Medizintourismus weltweit im Aufwärtstrend
Weltweit ist der Medizintourismus als Folge der Globalisierung ein wachsender Markt. Etwa 30 Länder engagieren sich in dem Bereich, besonders beliebt sind die USA, Südkorea, Thailand und die Türkei. Auch Deutschland zählt seit vielen Jahren zu einer der führenden Medizintourismusdestinationen und gilt als verhältnismäßig kostengünstig. Im Jahr 2020 haben sich über 65.000 ausländische Patienten aus 177 Ländern in Deutschland behandeln lassen. Aus den europäischen Ländern reisten die meisten Patienten aus Polen (über 10.000) und den Niederlanden (fast 6000) ein. Die meisten Nicht-EU-Patienten kamen aus Russland (mehr als 2000), der Ukraine (etwa 1400) oder Saudi-Arabien (fast 500).

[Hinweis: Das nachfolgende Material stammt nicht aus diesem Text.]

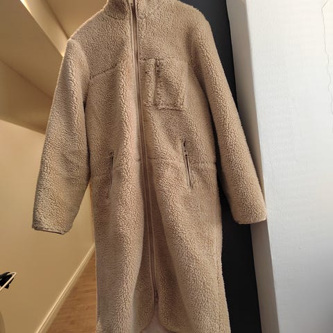Uudenveroinen teddykangas takki. Edessä taskut, kiinnitys tapahtuu hakasella. Hieman oversized mielestäni.
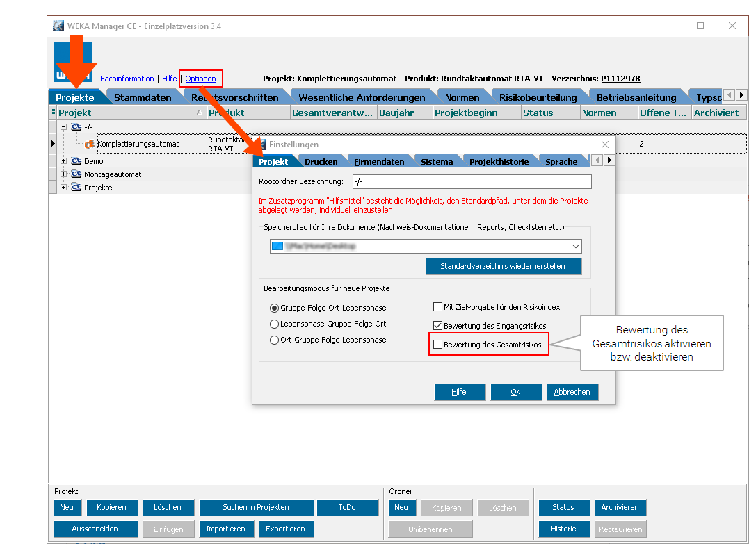 Das Deaktivieren bzw. Aktivieren der Bewertung des Gesamtrisikos umfasst folgende Schritte:
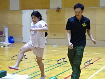 先生もバランスを崩してしまう幅の狭い平均台の上を,勢いよく歩いたり,ハードルの下をとても愛らしい動作で前進したり,跳び箱を越えたり,上に下にと,いろいろな動きを楽しみました。

Rückgang russischer Patienten
Trotz Deutschlands Renommees als führende Medizintourismusdestination ist die Nachfrage nach deutschen Kliniken bei internationalen Patienten in den letzten zwei Jahren drastisch gesunken. Mariam Asefi sieht vor allem einen Rückgang bei russischen Patienten. 2020 sank ihre Anzahl um 34 Prozent. Nach der Pandemie sei die Nachfrage dafür aus anderen Nationen, vor allem EU-Ländern und bestimmten arabischen Ländern, wieder gestiegen, jedoch nicht ausreichend, um die Lücke der russischen Patienten zu schließen.

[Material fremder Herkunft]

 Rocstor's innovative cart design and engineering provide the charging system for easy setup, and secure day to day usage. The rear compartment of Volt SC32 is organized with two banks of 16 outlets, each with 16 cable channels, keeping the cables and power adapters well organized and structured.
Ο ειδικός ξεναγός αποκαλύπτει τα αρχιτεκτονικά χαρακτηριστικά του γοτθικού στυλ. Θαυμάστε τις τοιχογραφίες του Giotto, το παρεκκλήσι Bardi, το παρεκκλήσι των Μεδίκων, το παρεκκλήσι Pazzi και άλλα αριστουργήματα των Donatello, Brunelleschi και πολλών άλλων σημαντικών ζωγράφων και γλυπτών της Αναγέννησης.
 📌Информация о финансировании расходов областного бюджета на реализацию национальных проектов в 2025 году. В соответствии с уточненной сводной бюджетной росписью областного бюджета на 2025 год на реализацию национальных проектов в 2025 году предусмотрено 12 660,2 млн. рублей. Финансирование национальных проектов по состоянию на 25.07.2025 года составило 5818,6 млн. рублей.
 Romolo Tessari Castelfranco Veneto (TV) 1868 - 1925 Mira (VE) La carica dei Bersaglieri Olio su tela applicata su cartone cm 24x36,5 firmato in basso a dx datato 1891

Und das spüren die Krankenhäuser deutlich. So zum Beispiel das Universitätsklinikum Freiburg, das eine Abteilung speziell für Nicht-EU-Patienten unterhält. Auch hier sind die Zahlen aufgrund der Pandemie und der damit einhergehenden Reiseeinschränkungen in den letzten Jahren deutlich zurückgegangen. Im Jahr 2021 wurden etwa 800 der insgesamt rund 90.000 Patienten des Klinikums von der zuständigen Abteilung betreut. Zum Vergleich: Im Jahr 2020 waren es noch 1070. Dabei stammte die Mehrheit von ihnen aus der Ukraine, ein Viertel der Patienten kam aus Russland.
Internationale Bereiche werden aufgelöst
Manche Kliniken haben auch schon vor der Pandemie dem Medizintourismus den Rücken gekehrt. Ein Sprecher des Universitätsklinikums Düsseldorf (UKD) betont gegenüber der DW, dass bereits seit einigen Jahren nicht mehr aktiv um internationale Patienten geworben werde. Erlöse aus diesem Bereich seien in der Größenordnung nicht mehr relevant und Medizintourismus sei kein strategisches Feld des UKD.

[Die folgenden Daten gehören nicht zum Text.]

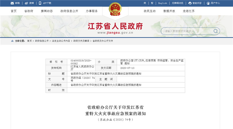江蘇省重特大火災(zāi)事故應(yīng)急預(yù)案出臺!
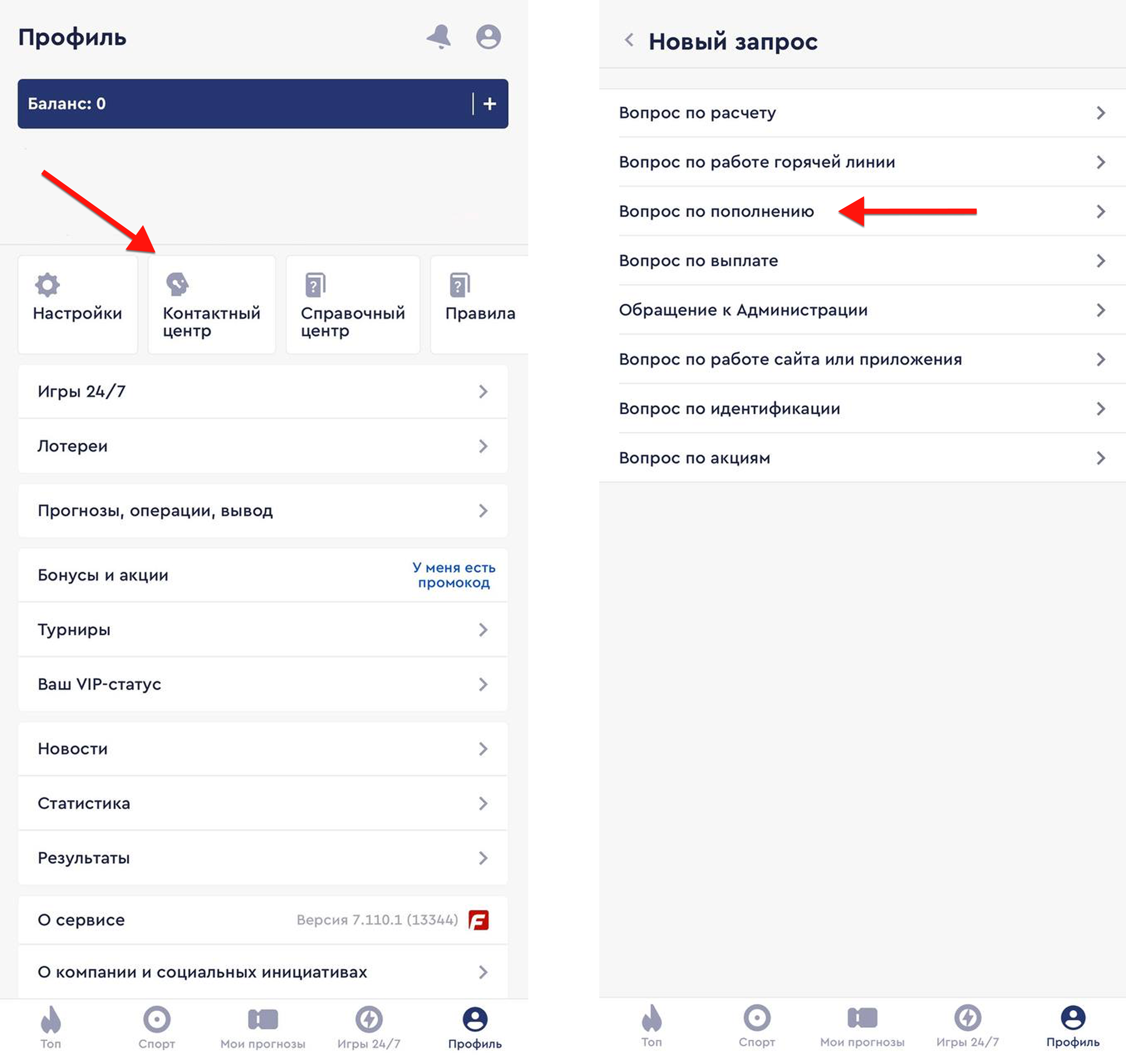 Зайдите в раздел «Профиль» ➟ «Контактный центр».
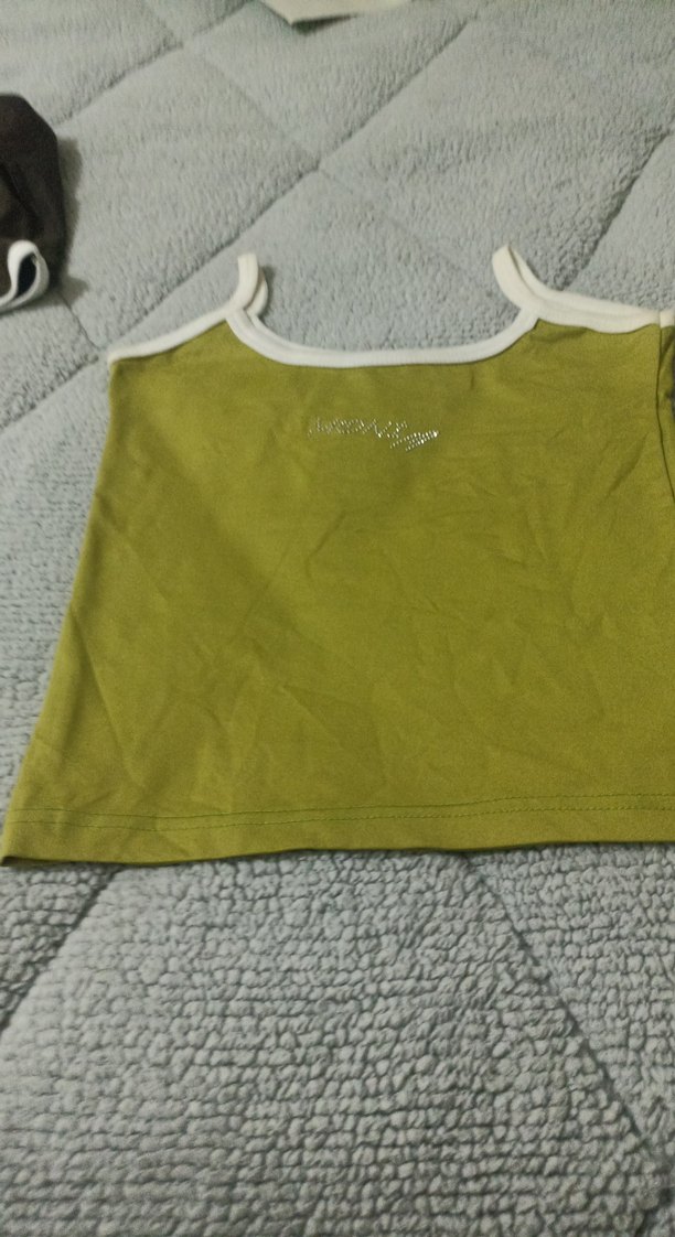 Kolsuz, straplez yakalı, yeşil renk kız çocuk bluzu. Yumuşak kumaştan, basic ve sokak modasına uygun, vücuda oturan kesim.

Ähnliches lässt sich auch in den Berliner Vivantes-Kliniken beobachten. Der eigens für ausländische Patienten eingerichtete Bereich "Vivantes International Medicine" musste zum 31. März dieses Jahres aufgelöst werden, da die Nachfrage immer geringer wurde und sich die Erhaltung finanziell nicht mehr lohnte. Im Jahr 2020 wurden weniger als 1000 Nicht-EU-Patienten behandelt, die meisten kamen aus Russland und dem arabischsprachigen Raum. In den Jahren 2016 bis 2019 waren es noch etwa 1200.
Zukunft ungewiss
Trotz des guten Rufs deutscher Kliniken weltweit steckt der Medizintourismus in Deutschland in der Krise. Inwieweit die Branche sich in den nächsten Jahren von der Corona-Pandemie und dem Ukraine-Krieg erholen kann, ist unklar. Nichtsdestotrotz glaubt Mariam Asefi an die Branche. "Ich bin Befürworterin des Medizintourismus, auch für Deutschland. Gerade in Zeiten der Globalisierung", sagt sie.